>>>

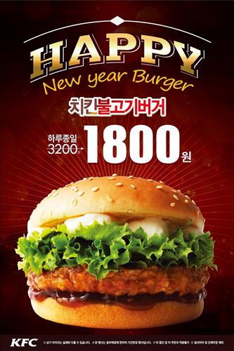 (서울=연합뉴스) 신호경 기자 = KFC(www.kfckorea.com)가 개학·개강을 앞둔 학생들을 위해 다음 달 5일까지 치킨불고기 버거(단품)를 정상가(3천200원)보다 약 44% 싼 1천800원에 내놓는다.
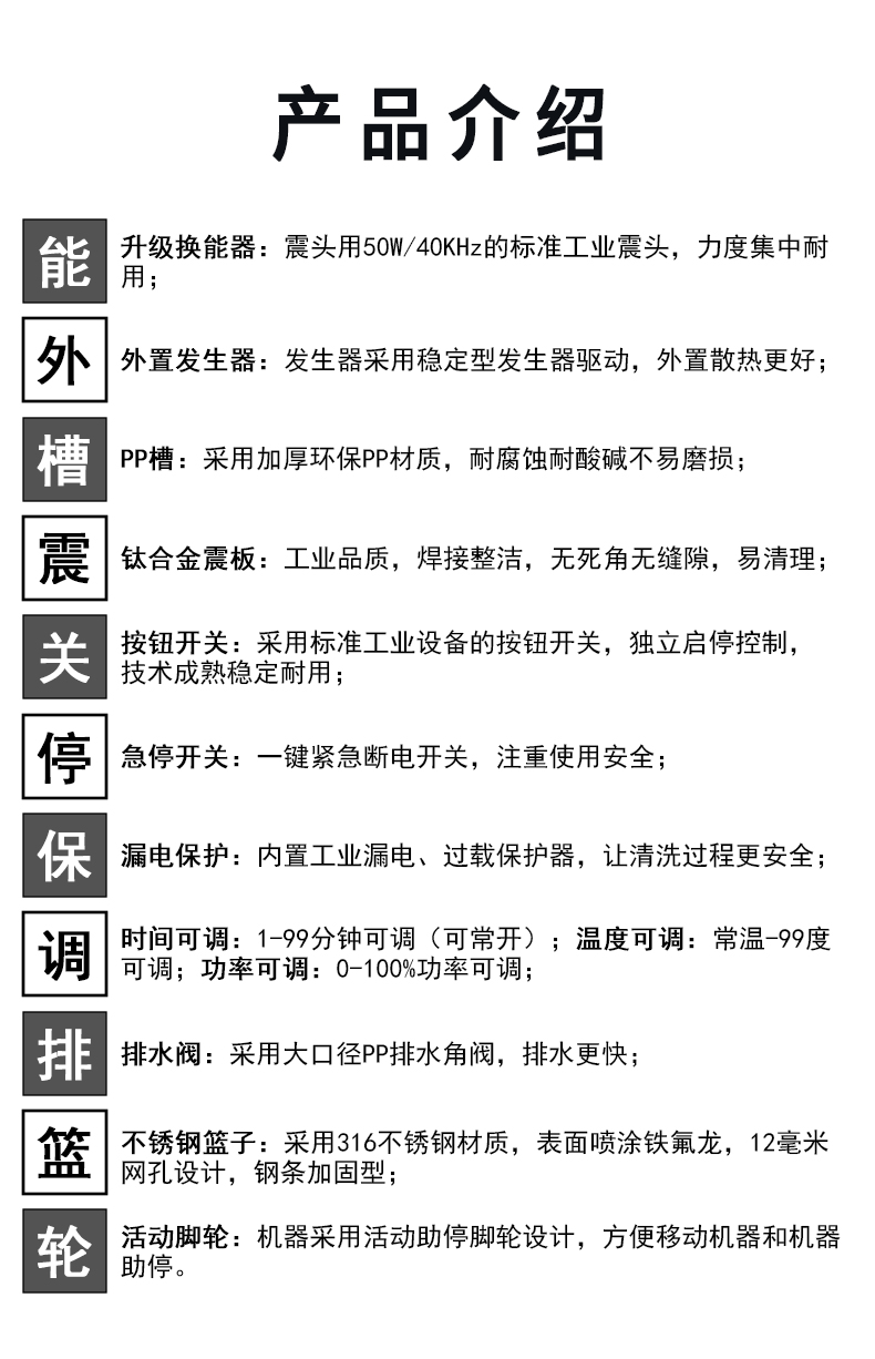 - 超声功率:3600W(可调)
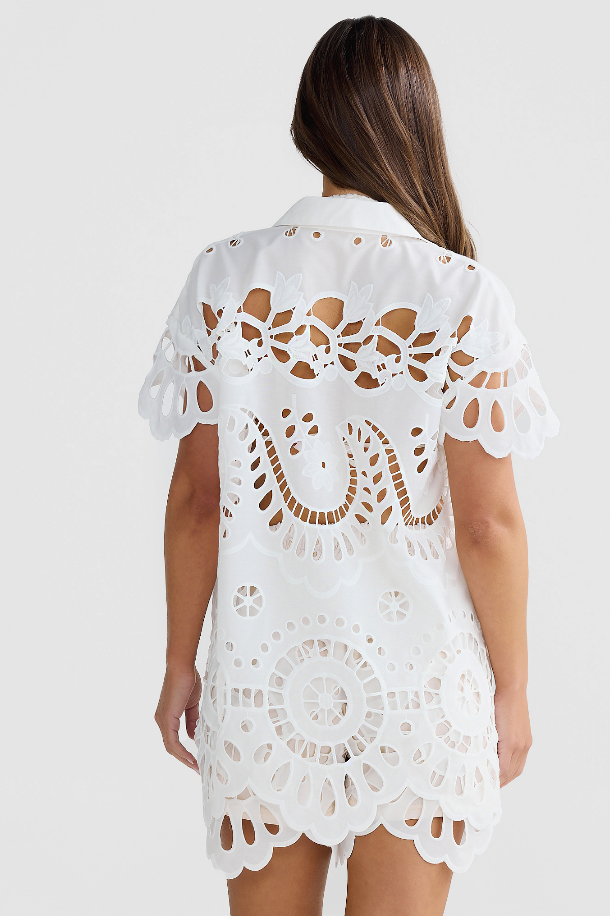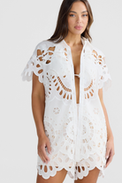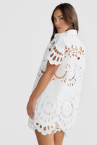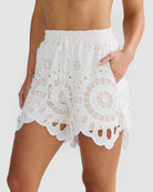 Elevate your summer wardrobe with our Laser Cut Blanca Lace Shorts. Designed for both style and comfort, these shorts feature intricate lace detailing and a scalloped hem line that adds a touch of elegance to any outfit. Whether you pair them with a casual tank or our matching Jada Blouse, these shorts will keep you looking effortlessly stylish. Perfect for sunny days and warm evenings, the Laser Cut Out Lace Shorts are a must-have addition to your summer collection.
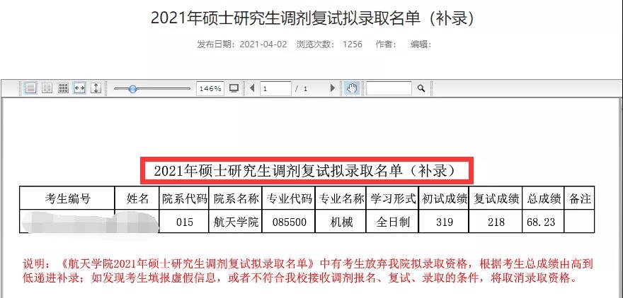 《航天學(xué)院2021年碩士研究生調(diào)劑復(fù)試擬錄取名單》中有考生放棄我院擬錄取資格,根據(jù)考生總成績(jī)由高到低遞進(jìn)補(bǔ)錄;如發(fā)現(xiàn)考生填報(bào)虛假信息,或者不符合我校接收調(diào)劑報(bào)名、復(fù)試、錄取的條件,將取消錄取資格。
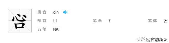从上图中我们可以看到,“吢”字的汉语拼音读作【qìn】,读第四声,音同“沁”。上下结构,部首是“口”字,总笔画是7笔。
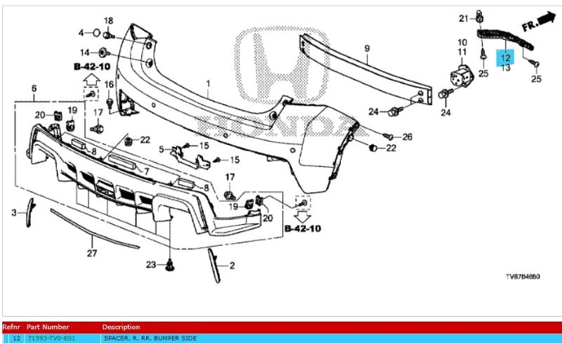 Genuine Honda Civic & FK2 2012-2016 Right Rear Bumper Spacer (71593-TV0-E01)
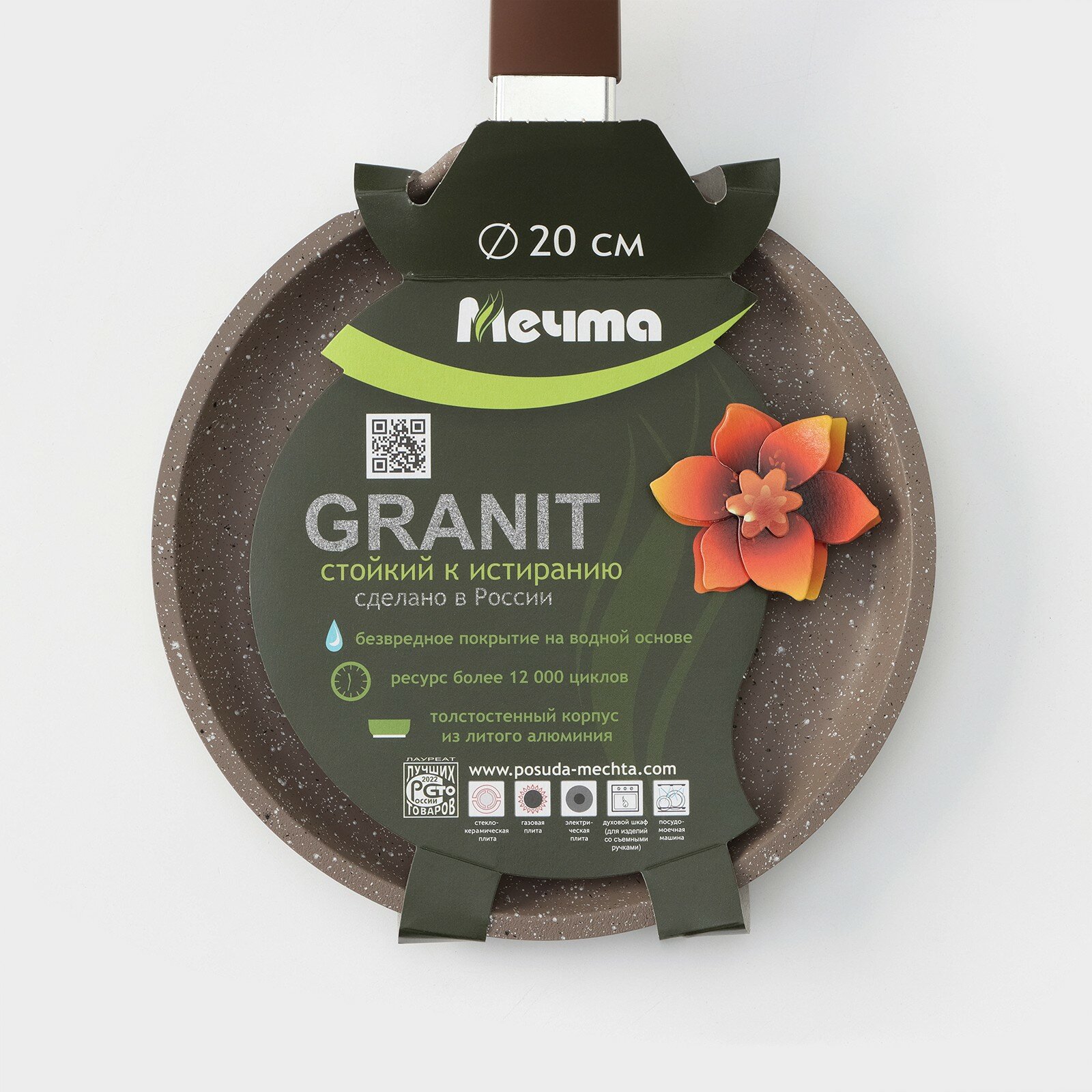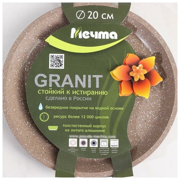 СохранитьСковорода блинная "Мечта" Гранит brown, d=20 см, пластиковая ручка, антипригарное покрытие, коричневый интересное:
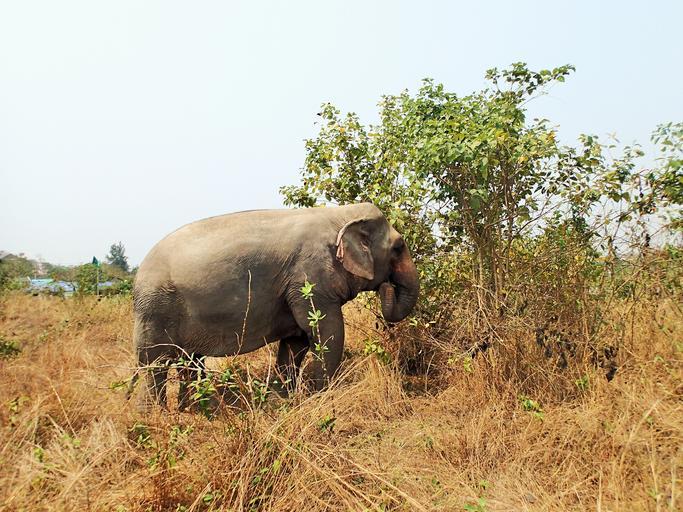 Keywords: elephant meadow dry grass animal thailand nature asia reserve tree thai
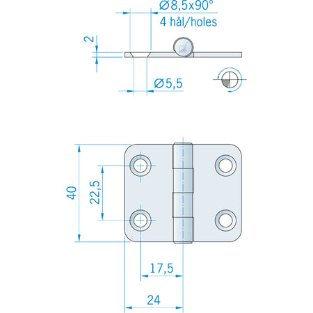 Roca, Hinge RF, 48x40mm, AISI 316
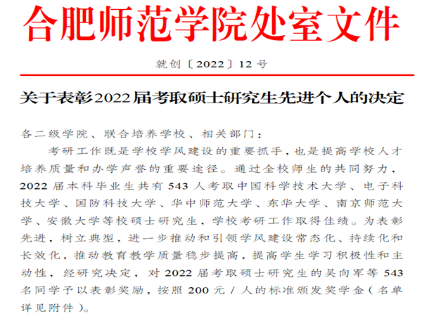 考研落下帷幕后,学院收集整理毕业生考研信息,并及时录入就业系统。同时印发表彰文件,对2022届考取硕士研究生的543名学子进行表彰,共计发放奖励108600元。

<<<

◆ About this exercise ◆
Exactly as they stand, write the lines from the one holding "Roca, Hinge RF, 48x40mm, AISI 316" to the end of the material, both ends included. Do not copy the pictures.

◆ Reply to the exercise ◆
 Roca, Hinge RF, 48x40mm, AISI 316
 考研落下帷幕后,学院收集整理毕业生考研信息,并及时录入就业系统。同时印发表彰文件,对2022届考取硕士研究生的543名学子进行表彰,共计发放奖励108600元。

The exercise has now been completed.